TASK REQUIREMENTS: Please give all of the data again, character for character, and drop the pictures.

PROVIDED MATERIAL:
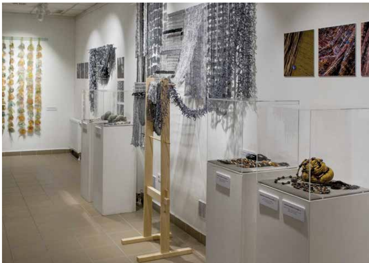
VERECZKEY Szilvia Frissek és szeretettek című kiállítása (részlet) | Szilvia VERECZKEY: 'Fresh and Loved Ones'. Exhibition view B32 Trezor Galéria, Budapest, 2018–2019
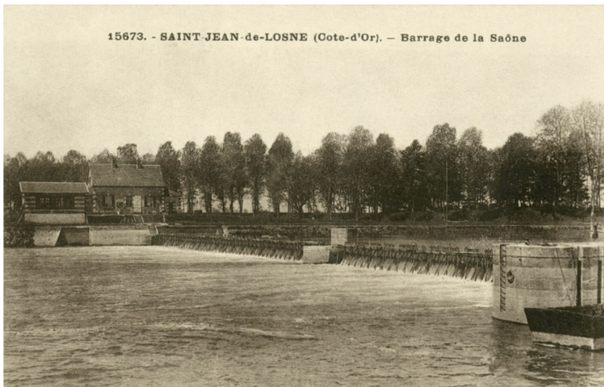
L'ancien barrage de Saint-Jean-de-Losne, aujourd'hui détruit. Il ne reste plus que le pertuis à droite.
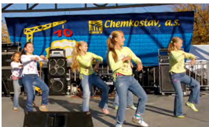
Vystúpenie talentov - 10. výročie založenia firmy
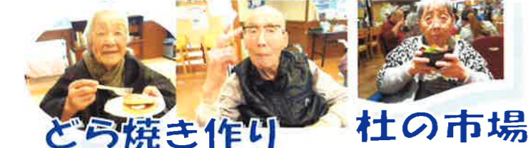
どら焼き作り 杜の市場

4月は杜の市場で美味しい海の幸に舌鼓♪ 5月おやつ作りとして「どら焼き作り」を行いました。「おいしい！」と大好評でした♪
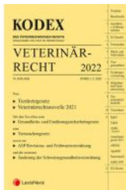
KODEX Veterinärrecht 2022
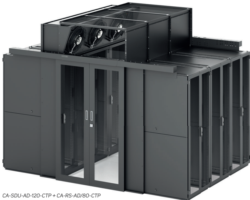
CA-SDU-AD-120-CTP + CA-RS-AD/80-CTP

V případě kombinace rozvaděčů s jednotkami CoolTop pro uzavřenou studenou uličku jsou použity posuvné dveře a střešní panely jako v případě uzavřené uličky a navíc je nutné vyplnit prostor nad posuvnými dveřmi a případně nad rozvaděči, kde nejsou instalovány jednotky CoolTop.
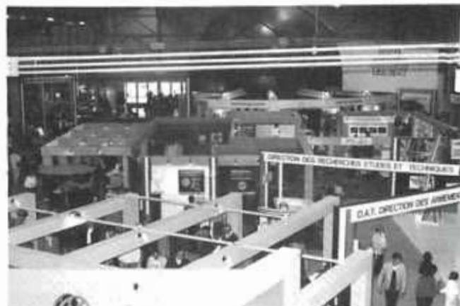
Vue semi-aérienne d'une partie des stands.
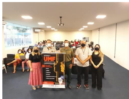
Divulgação do Chatbot Sisumf na SEAP – 19/01/2021
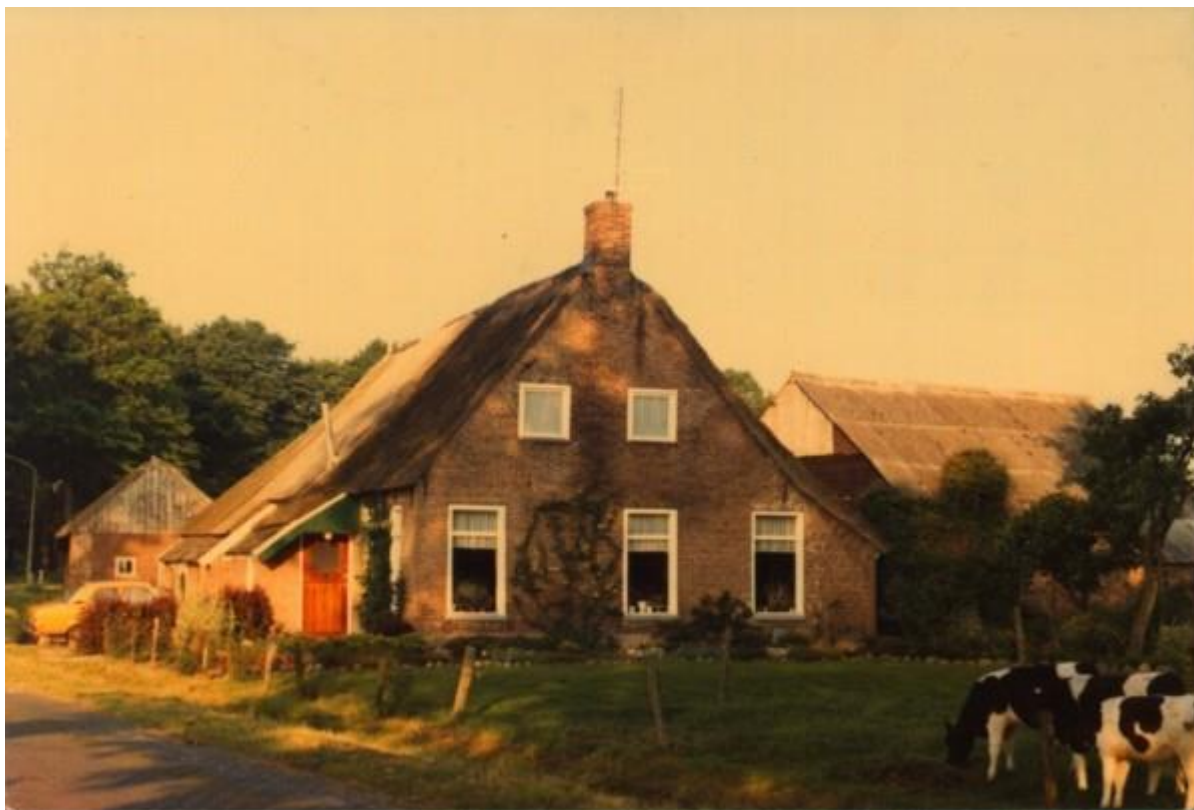
Hoofdweg 16 in de negentiger jaren, met een kalverkampje.

Een leuke bijvangst tijdens het onderzoek: Een aantekening uit het geboorte register.
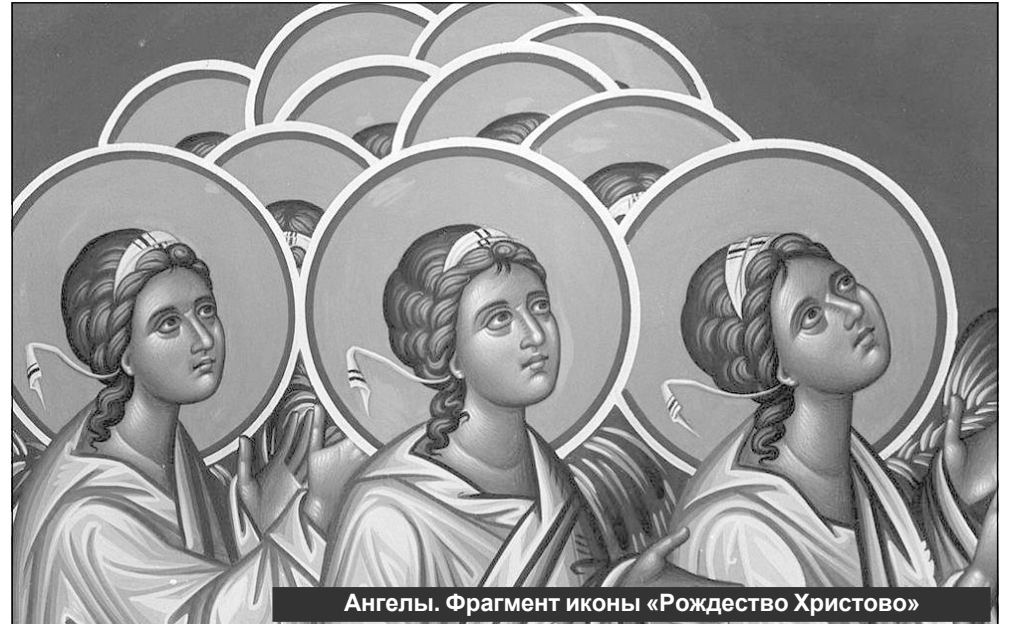
Ангелы. Фрагмент иконы «Рождество Христово»
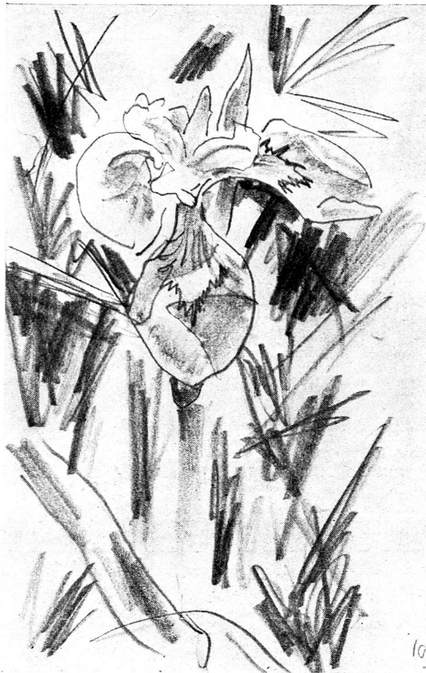
Iris jaune des marais (dessins de Robert Hainard).

Pattes démesurées, grands becs arqués, retroussés, aplatis. Vastes ailes, ailes en faux. Vols amples, crochetants. Grands yeux rouges ou dorés, petits yeux noirs. Bigarrures violentes, plumages chinés de tons subtils. Grands hérons décharnés, canards replets, en peu de lieux la diversité de la nature est plus frappante. Si riche en vie, si inutile à l'homme, et même un peu hostile avec ses moustiques, ses fouillis harassants, ses herbes coupantes, ses profondeurs traîtresses, le marais est détruit sans pitié par notre civilisation, qui n'admire qu'elle-même. Pour combien d'entre nous ne représente-t-il pas le besoin passionné d'aimer les formes de vie qui échappent à notre emprise, et par là, sont capables de nous renouveler, de nous enrichir indéfiniment.
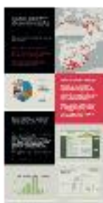
10 - Prosopografía de los ulemas (b) - #05 b
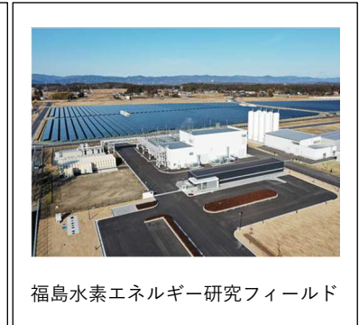
福島水素エネルギー研究フィールド
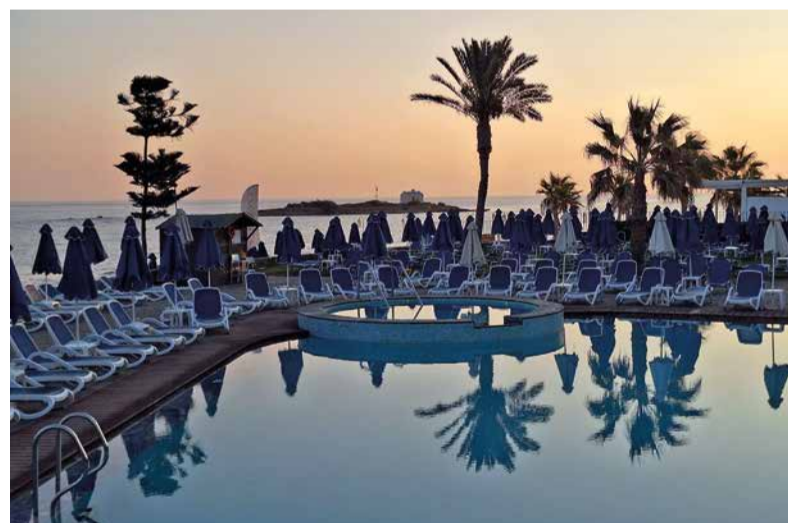
Večerný oddych na Kréte.
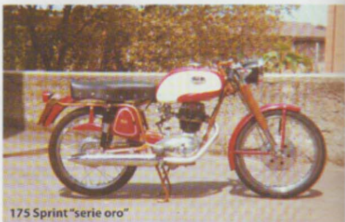
175 Sprint "serie oro"

Mondial 175 Sprint carattere sportivo e motore brillante
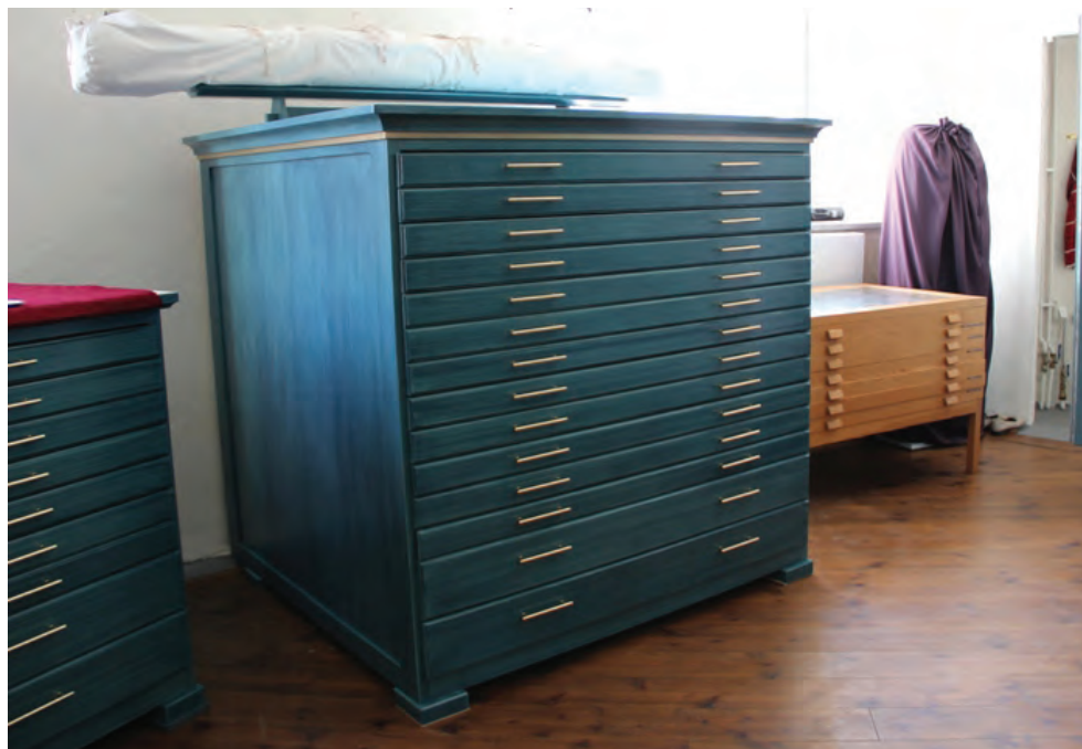
Figur 6. KM12063 Rannäs ka_20130516_0011. Ny textilförvaring med ställning för mattförvaring.
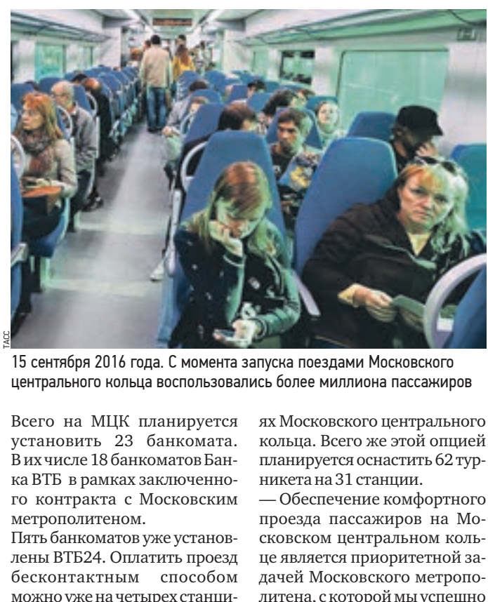
15 сентября 2016 года. С момента запуска поездами Московского центрального кольца воспользовались более миллиона пассажиров

Социально ориентированные коммерческие компании помогают Москве развивать транспортную инфраструктуру. Так, Банк ВТБ будет оказывать услуги по инкассации выручки от продажи билетов на МЦК — Московском центральном кольце. На сегодняшний день в банке уже открыты три счета Центральной пассажирской пригородной компании, куда будут перечислять средства. — Согласно графику инкассации станций, — рассказали «Вечерней Москве» в банке. Сервисы оплаты проезда по Московскому центральному кольцу уже полностью интегрированы в систему городского общественного транспорта. Так, для пополнения карты «Тройка» пассажиры могут воспользоваться как мобильным приложением «Мой проездной» Банка ВТБ, так и банкоматами или автоматами по продаже билетов.
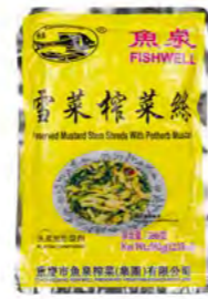
Senfgemüse eingelegt 雪菜榨菜 20×350 g
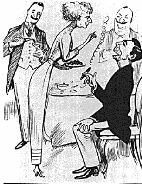
Under selskabelige Former

Jeg var med som Gæst og fælle mig som sådan sikret mod Offentlighedens Indblanding i vor rent fortrolige Samtale.
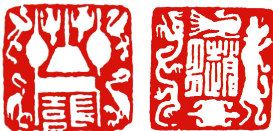
图6 汉代《长喜印》和《赵多印》 Fig.6 "Changxi Seal" and "Zhaoduo Seal" of Han dynasty

具有合理性和可延展性。更重要的是，多样化适形可以成为一种思路，对汉代肖形印多样化适形的继承和学习完全可以跳出汉代肖形印本身的表层图形特征，转而将肖形印的图形构建逻辑与现代图创成果结合起来，完成法度之上的转化和更新。例如在福田繁雄的作品中，就能看到许多将适形与对比、共生等设计方法结合起来的，福田繁雄作品中的适形与图底关系融合见图7。试想如果把汉代肖形印的多样化适形与这些设计手段结合起来，必然可以碰撞出许多有趣的创意火花，传承和创新也可借此寻找交集的可能。
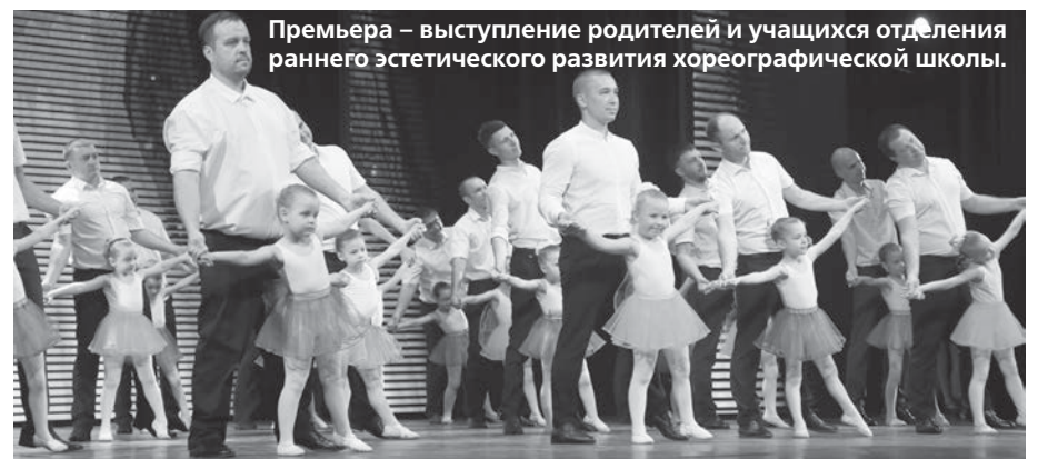
Премьера – выступление родителей и учащихся отделения раннего эстетического развития хореографической школы.
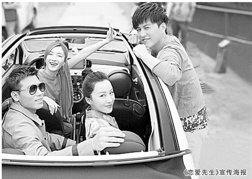
《恋爱先生》宣传海报
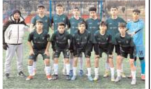
Mimar Sinanspor U 15 takımı şampiyonluk maçına çıkıyor
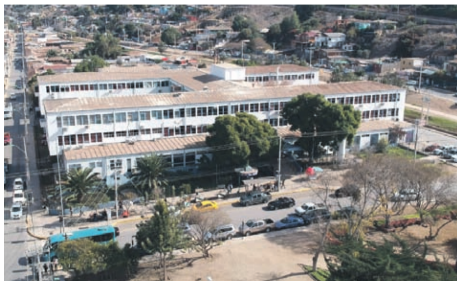
El recinto comenzó a recibir pacientes contagiados por Covid-19 durante el mes de abril.
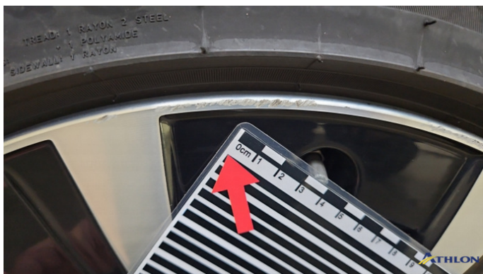
12. Felge Hinten - Links Kratzer
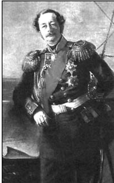
Иркутский ген.-губернатор Н. Н. Муравьев-Амурский

Переговоры переговорами, а военные действия шли своим чередом. В Евпатории сосредоточилось 35.000 аскеров Омер-паши. 5 (17) февраля 1855 г. 19-тысячный отряд ген. С. А. Хрулёва попытался овладеть этим оккупированным городом, но данный штурм был турками отбит. А. С. Меншиков был отставлен от должности и заменён ген. кн. М. Д. Горчаковым. 23 марта началась 2-я бомбардировка Севастополя союзниками, выявившая их подавляющее превосходство в количестве боеприпасов. Но героическое сопротивление гарнизона и жителей города (даже детей, собиравших

ANSWER SPACE:
VERECZKEY Szilvia Frissek és szeretettek című kiállítása (részlet) | Szilvia VERECZKEY: 'Fresh and Loved Ones'. Exhibition view B32 Trezor Galéria, Budapest, 2018–2019
L'ancien barrage de Saint-Jean-de-Losne, aujourd'hui détruit. Il ne reste plus que le pertuis à droite.
Vystúpenie talentov - 10. výročie založenia firmy
どら焼き作り 杜の市場

4月は杜の市場で美味しい海の幸に舌鼓♪ 5月おやつ作りとして「どら焼き作り」を行いました。「おいしい！」と大好評でした♪
KODEX Veterinärrecht 2022
CA-SDU-AD-120-CTP + CA-RS-AD/80-CTP

V případě kombinace rozvaděčů s jednotkami CoolTop pro uzavřenou studenou uličku jsou použity posuvné dveře a střešní panely jako v případě uzavřené uličky a navíc je nutné vyplnit prostor nad posuvnými dveřmi a případně nad rozvaděči, kde nejsou instalovány jednotky CoolTop.
Vue semi-aérienne d'une partie des stands.
Divulgação do Chatbot Sisumf na SEAP – 19/01/2021
Hoofdweg 16 in de negentiger jaren, met een kalverkampje.

Een leuke bijvangst tijdens het onderzoek: Een aantekening uit het geboorte register.
Ангелы. Фрагмент иконы «Рождество Христово»
Iris jaune des marais (dessins de Robert Hainard).

Pattes démesurées, grands becs arqués, retroussés, aplatis. Vastes ailes, ailes en faux. Vols amples, crochetants. Grands yeux rouges ou dorés, petits yeux noirs. Bigarrures violentes, plumages chinés de tons subtils. Grands hérons décharnés, canards replets, en peu de lieux la diversité de la nature est plus frappante. Si riche en vie, si inutile à l'homme, et même un peu hostile avec ses moustiques, ses fouillis harassants, ses herbes coupantes, ses profondeurs traîtresses, le marais est détruit sans pitié par notre civilisation, qui n'admire qu'elle-même. Pour combien d'entre nous ne représente-t-il pas le besoin passionné d'aimer les formes de vie qui échappent à notre emprise, et par là, sont capables de nous renouveler, de nous enrichir indéfiniment.
10 - Prosopografía de los ulemas (b) - #05 b
福島水素エネルギー研究フィールド
Večerný oddych na Kréte.
175 Sprint "serie oro"

Mondial 175 Sprint carattere sportivo e motore brillante
Figur 6. KM12063 Rannäs ka_20130516_0011. Ny textilförvaring med ställning för mattförvaring.
15 сентября 2016 года. С момента запуска поездами Московского центрального кольца воспользовались более миллиона пассажиров

Социально ориентированные коммерческие компании помогают Москве развивать транспортную инфраструктуру. Так, Банк ВТБ будет оказывать услуги по инкассации выручки от продажи билетов на МЦК — Московском центральном кольце. На сегодняшний день в банке уже открыты три счета Центральной пассажирской пригородной компании, куда будут перечислять средства. — Согласно графику инкассации станций, — рассказали «Вечерней Москве» в банке. Сервисы оплаты проезда по Московскому центральному кольцу уже полностью интегрированы в систему городского общественного транспорта. Так, для пополнения карты «Тройка» пассажиры могут воспользоваться как мобильным приложением «Мой проездной» Банка ВТБ, так и банкоматами или автоматами по продаже билетов.
Senfgemüse eingelegt 雪菜榨菜 20×350 g
Under selskabelige Former

Jeg var med som Gæst og fælle mig som sådan sikret mod Offentlighedens Indblanding i vor rent fortrolige Samtale.
图6 汉代《长喜印》和《赵多印》 Fig.6 "Changxi Seal" and "Zhaoduo Seal" of Han dynasty

具有合理性和可延展性。更重要的是，多样化适形可以成为一种思路，对汉代肖形印多样化适形的继承和学习完全可以跳出汉代肖形印本身的表层图形特征，转而将肖形印的图形构建逻辑与现代图创成果结合起来，完成法度之上的转化和更新。例如在福田繁雄的作品中，就能看到许多将适形与对比、共生等设计方法结合起来的，福田繁雄作品中的适形与图底关系融合见图7。试想如果把汉代肖形印的多样化适形与这些设计手段结合起来，必然可以碰撞出许多有趣的创意火花，传承和创新也可借此寻找交集的可能。
Премьера – выступление родителей и учащихся отделения раннего эстетического развития хореографической школы.
《恋爱先生》宣传海报
Mimar Sinanspor U 15 takımı şampiyonluk maçına çıkıyor
El recinto comenzó a recibir pacientes contagiados por Covid-19 durante el mes de abril.
12. Felge Hinten - Links Kratzer
Иркутский ген.-губернатор Н. Н. Муравьев-Амурский

Переговоры переговорами, а военные действия шли своим чередом. В Евпатории сосредоточилось 35.000 аскеров Омер-паши. 5 (17) февраля 1855 г. 19-тысячный отряд ген. С. А. Хрулёва попытался овладеть этим оккупированным городом, но данный штурм был турками отбит. А. С. Меншиков был отставлен от должности и заменён ген. кн. М. Д. Горчаковым. 23 марта началась 2-я бомбардировка Севастополя союзниками, выявившая их подавляющее превосходство в количестве боеприпасов. Но героическое сопротивление гарнизона и жителей города (даже детей, собиравших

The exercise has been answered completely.